Palermo, cimitero di mafia in una grotta: 7 cadaveri, chi sono?

di redazione Blitz
Pubblicato il 10 Ottobre 2016 - 21:43 OLTRE 6 MESI FA
Palermo, cimitero di mafia in una grotta: 7 cadaveri, chi sono?

Palermo, cimitero di mafia in una grotta: 7 cadaveri, chi sono?

PALERMO – E’ stata sequestrata dai carabinieri l’area di contrada Casalotto, a Roccamena (Pa), dove lo scorso 5 ottobre è stato trovato un cimitero di mafia. Martedì si concluderanno le operazione per il recupero dei corpi (effettuato dai vigili del fuoco del Saf) dalla caverna naturale dove erano stati gettati sette cadaveri, anche quello di una donna.

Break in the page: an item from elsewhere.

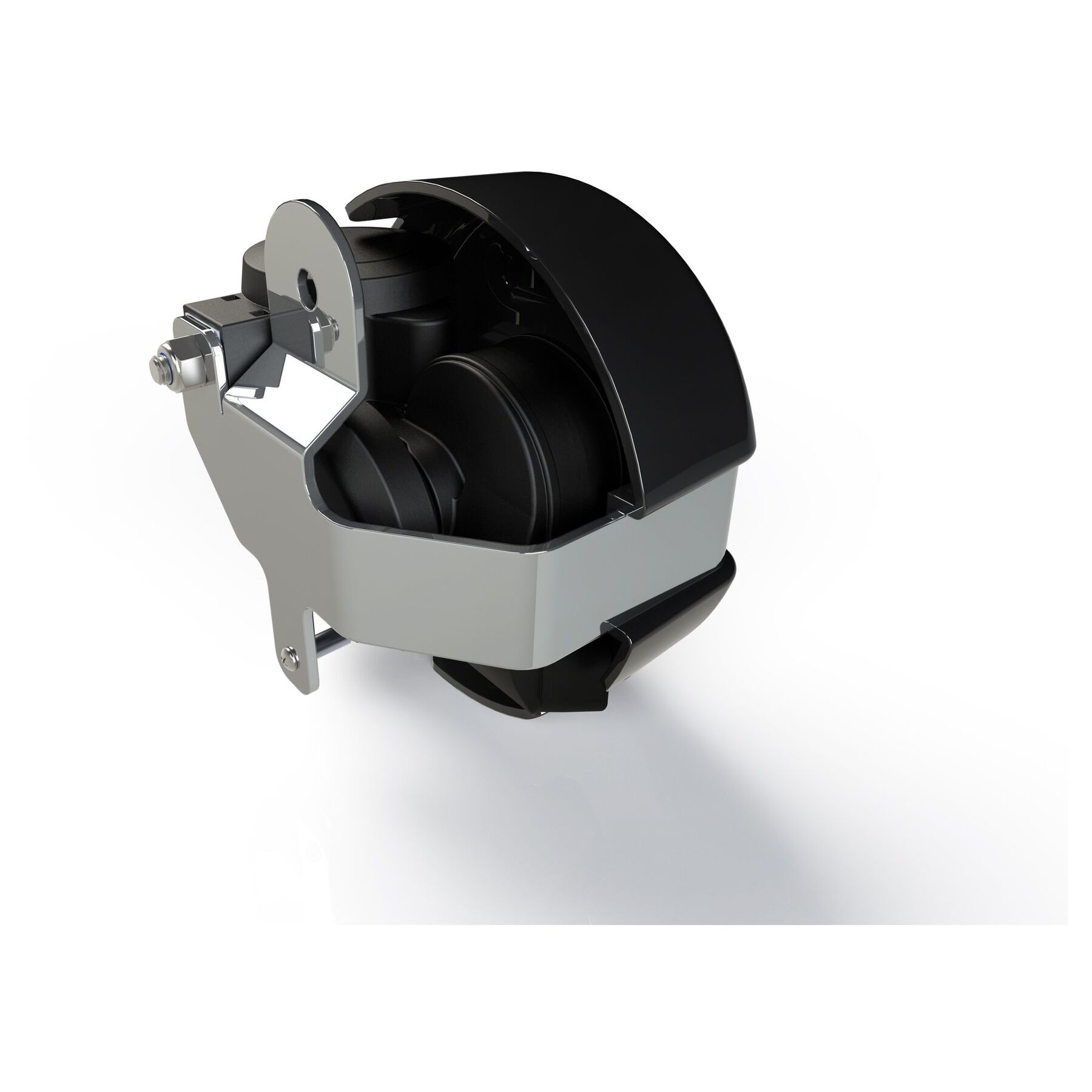 This unique horn cover with integrated mounting bracket was specifically designed for installing the Denali Soundbomb Compact Air Horn in the factory horn location on many V-Twin motorcycles. The stylish gloss black ABS shell and chrome plated steel bracket mounts and hides the 120+ decibel SoundBomb Compact Horn on your bike.

I resti saranno portati all’istituto di Medicina legale del Policlinico di Palermo. Nella zona, oltre al nucleo speciale dei pompieri hanno operato i carabinieri di Monreale. Le indagini sono coordinate dai pm della procura di Palermo Sergio Demontis e Siro De Flammineis.

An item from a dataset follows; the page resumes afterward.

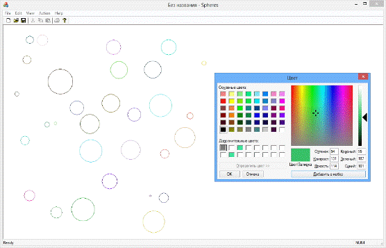 Вызов окна изменения цвета окружностей |

Saranno i carabinieri del Ris a effettuare le comparazioni del dna dei frammenti scheletrici con quello delle persone scomparse una trentina di anni fa nella zona: a quell’epoca risalirebbero, anche in base all’esame dei brandelli di abiti ritrovati, i cadaveri. Tra i resti ritrovati anche una scarpa femminile rossa. L’unica donna sparita nella zona è Antonina Altamore, scomparsa nel nulla nel 1975. Il giallo non è stato mai risolto.

Tra le vittime di lupara bianca mai più ritrovate anche Giuseppe Branda, di Roccamena, di cui si sono perse le tracce nel 1981. La sua morte presunta è stata dichiarata nel 1990. Branda, che lavorava alla costruzione della diga Garcia, era sospettato di far parte di una banda di ladri di bestiame. Venne fermato mentre era in auto con un altro operaio e sequestrato da un gruppo di persone, racconta il testimone oculare, vestite da carabinieri. Ma di lui non si sono più avute notizie. A dare agli investigatori l’input che ha portato alla scoperta della grotta, impossibile da individuare senza una segnalazione precisa, sarebbe stata una fonte confidenziale, ma in Procura sulla genesi dell’indagine c’è il massimo riserbo. Dietro al ritrovamento, comunque, non ci sarebbe un collaboratore di giustizia. Sembra dunque escluso il coinvolgimento del neopentito Nino Pipitone, mafioso di Carini, che non avrebbe alcun ruolo nella scoperta.